Statement in French:

Déclaration du groupe des Ex-prostituées contre la servitude sexuelle légiférée (Ex-Prostitutes Against Legislated Sexual Servitude) (xpalss)

À titre de femmes ayant été prostituées à Vancouver et considérant les faits suivants:


  • Le discours actuel voulant faire croire au public que la prostitution est un travail normal qui n'a besoin que d'être mieux réglementé;

  • Il existe actuellement une proposition visant à ouvrir un bordel légal à Vancouver;

  • Cette proposition prétend représenter les voix des personnes prostituées, anciennes et actuelles, de Vancouver;

  • Cette proposition promet, au mieux, de rendre la vie des femmes prostituées plus «sécuritaire»;

  • Aucune d'entre nous n'a jamais rencontré une femme prostituée qui ne quitterait pas le «métier» si elle avait une véritable occasion de le faire;

  • Nous sommes des femmes ayant été violentées en sol canadien, par des hommes du Canada, pendant que tous les paliers de gouvernements se gardaient bien d'intervenir;

  • Certains membres du Parlement exercent aujourd'hui des pressions pour légaliser cette violence

Nous voulons que vous sachiez que:
Nous sommes des femmes à qui la prostitution a causé du tort. Nous croyons qu'aucun changement aux conditions et aux lieux dans lesquels nous avons été prostituées n'aurait pu réduire de manière significative les torts que nous avons subis. Et nous considérons au mieux comme une insulte de voir les torts que nous avons subis dans la prostitution normalisés en les rebaptisant «travail».

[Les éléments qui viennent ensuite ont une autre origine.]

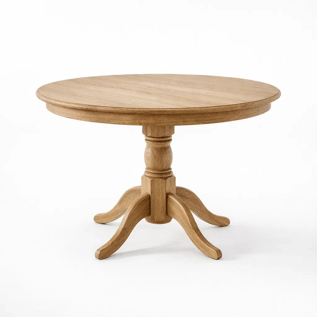 La table est fabriquée en bois de chêne massif.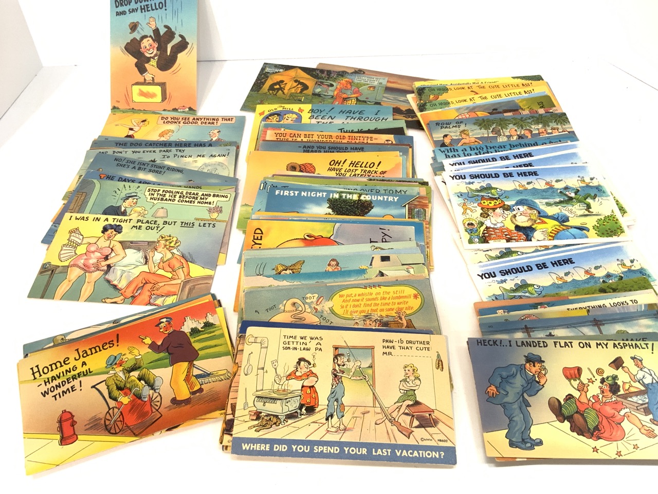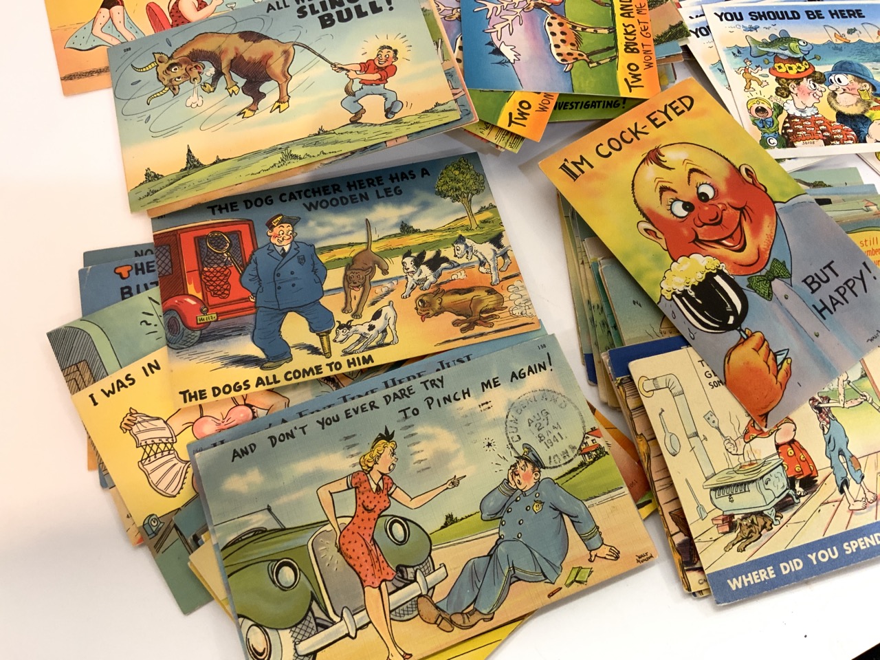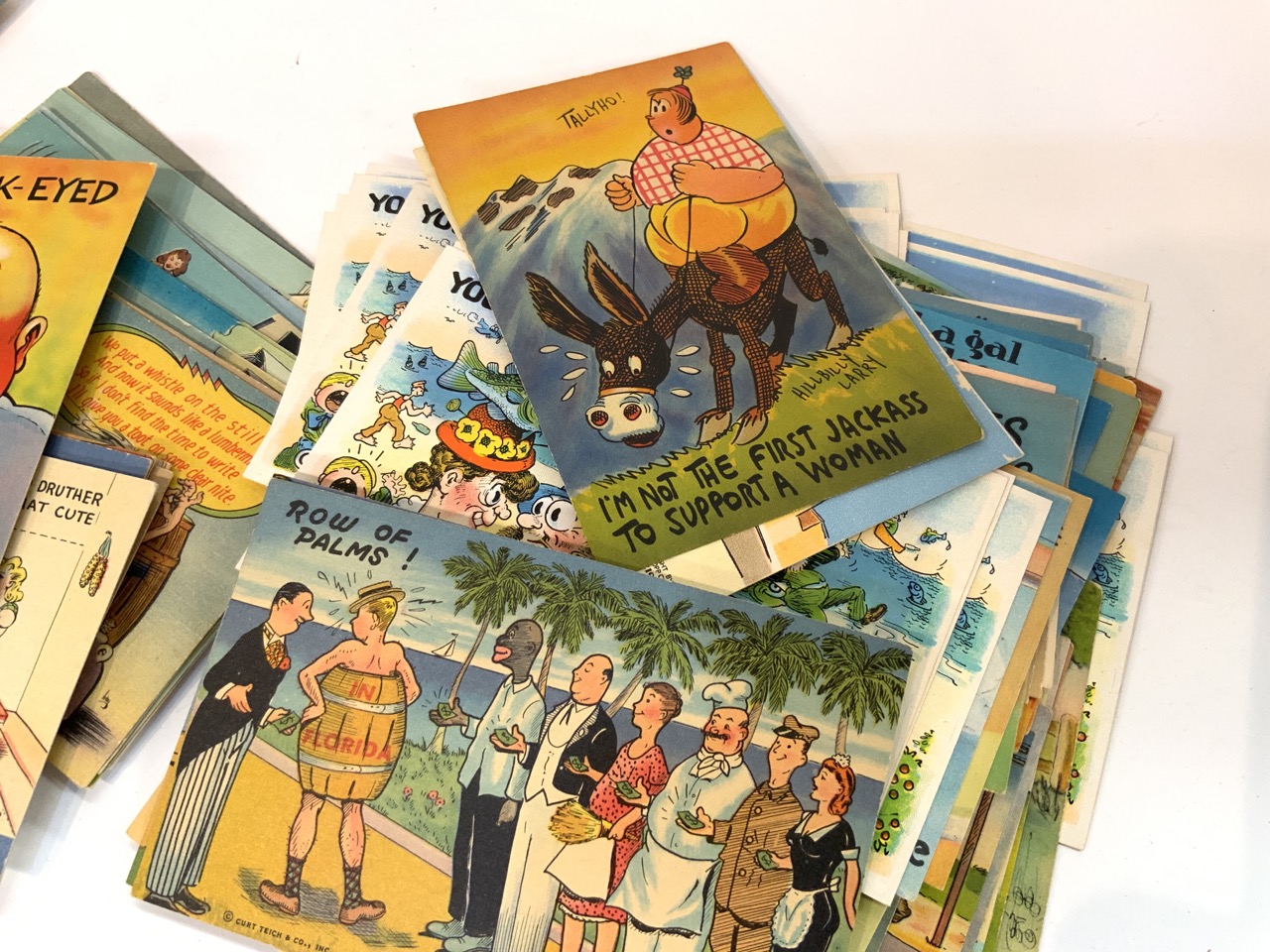 One Hundred-Fifty (150) vintage comical postcards on linen stock paper.

Il nous importe très peu d'avoir été prostituées dans les rues ou dans les endroits tolérés et autres agences d'escortes de Vancouver. Nous ne nous souvenons pas des lieux mais plutôt des hommes qui nous ont toujours traitées comme si nous n'étions pas tout à fait des êtres humains. Nous nous souvenons des innombrables autres hommes et femmes qui ont quotidiennement détourné leur regard. Nous nous souvenons du manque total de services ou d'options viables et du déni flagrant d'accès à tout type d'aide ou de justice. Nous nous souvenons avoir du «étouffer» notre sentiment d'avoir droit à une meilleure vie afin de pouvoir supporter celle que nous vivions. Et nous nous souvenons trop bien du désespoir paralysant qui nous a envahies lorsque nous avons finalement cessé de croire qu'il existait en ce monde quoi que ce soit de décent et de bon.

Nous nous opposons à toute mesure qui mettrait plus de pouvoir dans les mains des hommes qui nous ont violentées en leur disant qu'ils ont légalement le droit d'agir à leur guise. Cette proposition n'est pas la nôtre, elle n'aurait pas affecté pas notre niveau de sécurité de manière significative et ne nous aurait en rien protégées des torts inhérents à la vie dans la prostitution.

Nous sommes loin d'être impressionnées par les propositions qui prétendent rendre la vie des femmes prostituées «plus sécuritaire». Plus sécuritaire n'est pas suffisant. Nous considérons comme une violation de nos droits humains le fait d'avoir pendant des années été abandonnées dans des situations qui, selon la loi actuelle, correspondent à la définition d'agression sexuelle. Mais en plus de ne pas prendre en compte, porter en justice et punir cette violence, on nous dit aujourd'hui que nous l'avons choisie.

Nous croyons qu'une volonté publique et politique peut transformer des vies pour le mieux. Nous ne croyons pas au mensonge qui dit que la prostitution est inévitable. Nous croyons plutôt que la prostitution peut être abolie.

Comme hôte des Jeux olympiques de 2010, nous voulons que notre ville, notre domicile, refuse de prendre part au marché mondial de la chair fraîche qu'est le tourisme sexuel et envoie un message clair au monde entier que l'on ne vendra pas de femmes à Vancouver.

Nous croyons que toute femme sexuellement exploitée équivaut à une vie perdue. Nous sommes extrêmement attristées des vies de femmes perdues dans la prostitution, tout autant que de la perte de toutes les contributions que d'innombrables femmes encore vivantes auraient pu faire si elles n'avaient pas été réduites et abandonnées à l'esclavage sexuel.

Nous vous engageons vivement à refuser de croire que la prostitution est une activité normale ou un échange égal entre «deux adultes consentants». Nous vous demandons instamment de vous opposer à toute tentative d'ouvrir un bordel légal à Vancouver.